Domestic Work Employee Equality, Fairness, and Dignity Act
The California Legislature is in the process of passing the Domestic Work Employee Equality, Fairness, and Dignity Act, which would extend fairly standard employment protections to include domestic workers, including childcare givers, more commonly referred to as nannies. Contrary to a characterization of the bill circulating the internet, via a California Senator’s website, the bill contains an explicit exception for babysitters. This means that the fairly stringent requirements regarding paid vacation, sick days, and meal periods do not apply to what a babysitter is commonly understood as, i.e. a person who supervises a child, with minimal caregiving, for a relatively short or infrequent period of time, etc. (the text refers to and defines these people as personal assistants). Rather, the law declares that domestic caregivers deserve the same protections as other industries.

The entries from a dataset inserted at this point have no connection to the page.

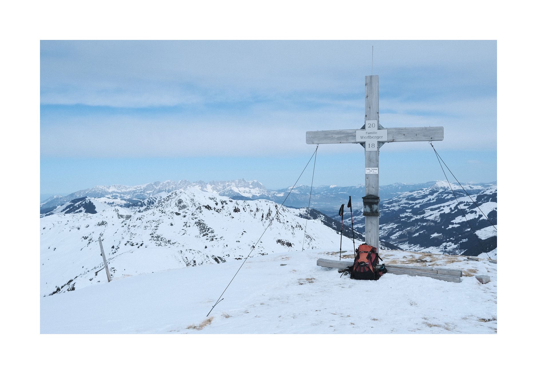 Gerade als ich mit dem Fotoprogramm beginne, gesellt sich ein einzelner Skitourengeher hinzu. Als er meine Schneeschuhe sieht, begreift er meine von der Skispur deutlich abweichende Routenwahl direkt auf der Kammlinie entlang. Wir unterhalten uns recht nett. Mit seiner tiefen, rauhen Stimme rät er mir von meinen Ambitionen auf das Gerstinger Joch ab. „Des schaffst du nie. Do kummst du zu spat abi!“ Ich überlege und starre wie gebannt auf den Rotz an seiner Nase. Hoffentlich tropft der nicht auf meine Sachen…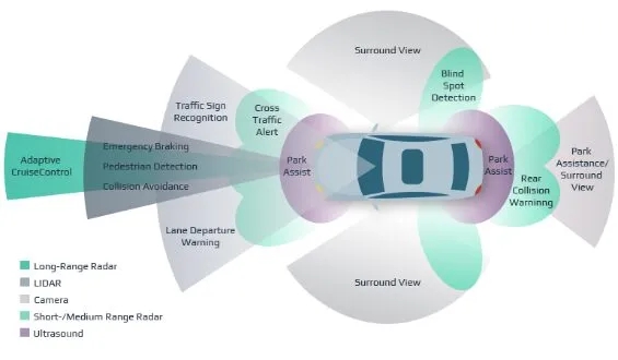 “視覺(jué)”數(shù)量示例,包括重疊的攝像頭、雷達(dá)、激光雷達(dá)和超聲波傳感器,這些傳感器必須在車(chē)輛系統(tǒng)內(nèi)緊密運(yùn)行,以傳輸信息和計(jì)算戰(zhàn)略反應(yīng)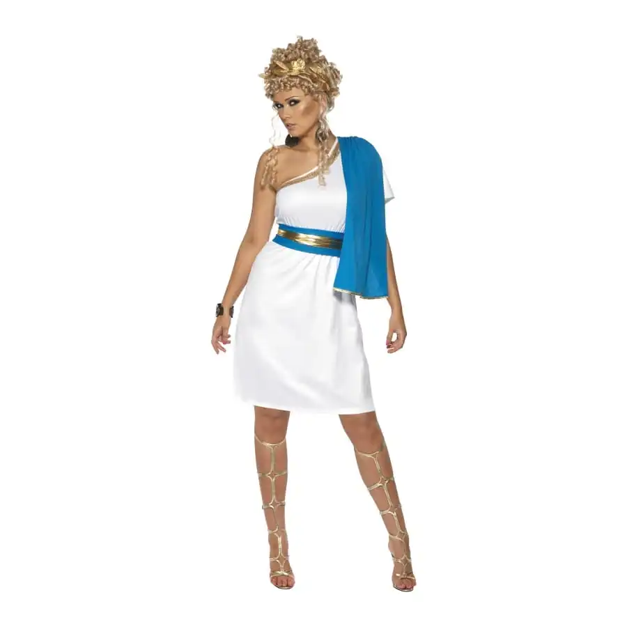 Déguisement de sénatrice romaine, pour femme, composé d’une robe blanche à bordure dorée, d’une roge bleu ciel, d’une ceinture dorée et bleue et d’une couronne en lauriers dorés. Cet ensemble est disponible en taille S, M ou L. Affirmez votre pouvoir en tant que figure historique et politique d’origine grecque ou romaine.
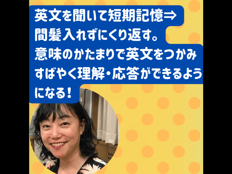 先日もご参加いただき、ありがとうございました! 質問と応答のセットを繰り返し何度も口に出していくことで、単語+単語だった英文がフレーズ+フレーズで言えるようになっていきます。簡単な例で言うと Thank you for helping me.のようにセットになっていれば「 toが必要? ingだっけ?」など悩まなくてもカタマリとしてそのまま口から出てきますね。やればやるだけラクに話せるようになっていきますよ(^^) See you soon!

Meal periods are required, unless the nature of the work does not allow for them, contains requirements for waiving, including how to pay. This must be in writing, thus giving the employee some sort of enforceable protection. It also requires that if an employee is scheduled to work, but upon arrival not needed, they will be paid at least a portion of their hours, unless for certain circumstances out of the employer’s control (e.g. acts of God, etc.) It also requires for certain minimally acceptable standard housing and working conditions, and other reasonable provisions, such as if an employee is a live-in care taker, absent an emergency, they shall be relieved for at least an 8 hour uninterrupted period to sleep. The law specifies that someone else must be on duty during that time, which lends legitimacy to the guaranteed uninterrupted period. It also requires the purchase of worker’s compensation insurance.
Where this new CA law gets tricky
The obvious benefits of the law, are that it extends the typical types of benefits that full time employees receive in other industries, such as the minimum wage, paid vacation time, and it requires fairly strict accounting on paycheck stubs (increasing the burden on the employer).
What’s tricky, is that the meal and rest time period sections contain language about the nature of the work, and says that the rest and meal periods may be waived, but that the employer will then have to pay the employee for an additional hour. It does not clarify whether that is one additional hour for each meal period and rest period, or one additional hour will be sufficient for a violation of each. The requirement to pay an additional fine for days when these requirements are not met further complicates the potential outcome where the requirements are not met.
New CA Law’s Potential Pitfalls
In addition to the potential problems discussed above, the law requires a yearly wage increase. This is tied to various forms of gauging the Consumer Price Index, Standard of Living Increases, etc. This is probably what is going to hurt domestic employees, whom are allegedly protected by this law. This gives an incentive not to keep them on too long. While there remains an incentive to maintain trustworthy caregivers, presumably those who value their caregivers the most are probably already in compliance with much of the law’s requirements, and so will not be affected.
Those most likely to suffer as a result of these more stringent requirements, are the caregivers who are currently, for example, employed by parents who are struggling to decide whether to pay slightly more (now potentially much more) for a nanny to care for their child in-home, or to send them to a marginally less expensive, or comparably expensive, daycare center, where they will not have to worry about formal paycheck requirements, keeping track of sick leave, paid vacation, and the like. It may serve to erode more of the difference between in-home care and institutional care.